About August 23, 1993, MetLife convened a meeting of its sales agents in the Pittsburgh region.   Several hundred agents were in attendance, including Newstrom.   There were various speakers, including Gary Antonino (“Antonino”), Pittsburgh Regional Manager, and Robert Crimmons, MetLife Executive Vice President for Personal Insurance.   Other senior managers of MetLife were also on the dais.

During the course of an address given to the agents by Antonino, a brief clip from the movie Ghostbusters was shown.   In the clip, an animated ghost figure known to those familiar with the movie as “slimer” charges down a long hallway and attacks one of the other characters.  “Slimer” is a short, fat, malformed green ghost who attacks his victims by covering them with a slimy or gooey material.

Immediately following the showing of the movie clip, Antonino made statements to the audience about the way the media were portraying MetLife.

The affidavit then goes on:

At or about the time of this meeting at the Royce Hotel, MetLife was the subject of an ongoing investigative report on the Channel 11 news, in which statements were made that MetLife was under investigation by the Pennsylvania Insurance Department for illegal deceptive sales and trade practices.

Also during this time period, Antonino was letting it be known through the region that he “had it in” for Sabo, and that Sabo was at fault for all of MetLife's difficulties.

Based upon the showing of the movie clip and the statements made by Antonino immediately thereafter, Herrmann understood Antonino to be saying that it was Sabo [plaintiff] who was spreading false information to the media, and that Sabo was attempting to wrongfully bring about the demise of MetLife.

App. at 487 (alteration in original).   After the meeting, other MetLife agents who attended the meeting informed Newstrom that they also believed that Antonino's message was that Sabo was responsible for the information about MetLife in the media.  Id.

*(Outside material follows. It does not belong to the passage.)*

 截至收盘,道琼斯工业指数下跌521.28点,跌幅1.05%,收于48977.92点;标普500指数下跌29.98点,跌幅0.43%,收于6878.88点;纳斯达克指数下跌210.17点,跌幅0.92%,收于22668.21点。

In addition to the affidavit of Newstrom, an affidavit by agent Ronald Herrmann was filed.   It also was based on personal knowledge.   In it he recited that he also attended the meeting and that he also understood Sabo to be Slimer and the evil presence at MetLife.   However, Herrmann did not state that Antonino “had it in” for the plaintiff.

A copy of the Report and Recommendation of the Magistrate Judge who heard the matter recommended to the district court that summary judgment be granted to MetLife on the defamation claim based solely on the ground that there was no support in the record for a finding that plaintiff was the intended target of any comments made during the “Ghostbuster” presentation.   Thereafter, the district court granted MetLife's motion for summary judgment on the defamation claim solely on the ground recommended by the Magistrate Judge.

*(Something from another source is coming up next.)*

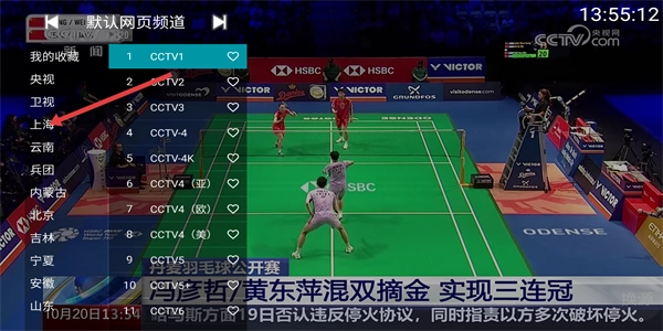 2、点击频道切换入口后,会弹出包含多个频道的列表,在列表找到上海等地方频道选项,点击该选项,切换到对应的地方频道。

We note at the outset of this appeal that in an action for defamation under Pennsylvania law, the plaintiff has the burden of proving:  (1) the defamatory character of the communications;  (2) its publication by the defendant;  (3) its application to the plaintiff;  (4) the understanding by the recipient of its defamatory meaning;  (5) under standing by the recipient of it as intended to be applied to the plaintiff;  (6) special harm resulting to the plaintiff from its publication;  and (7) abuse of a conditionally privileged occasion.   42 Pa. Cons.Stat. Ann. § 8343(a).

We analyze the record keeping in mind that we are reviewing summary judgment and that the sole basis for granting the motion in the district court was the absence of evidence to meet this fifth requirement of the Pennsylvania statute, viz., understanding by the recipients of it that it was intended to be applied to plaintiff.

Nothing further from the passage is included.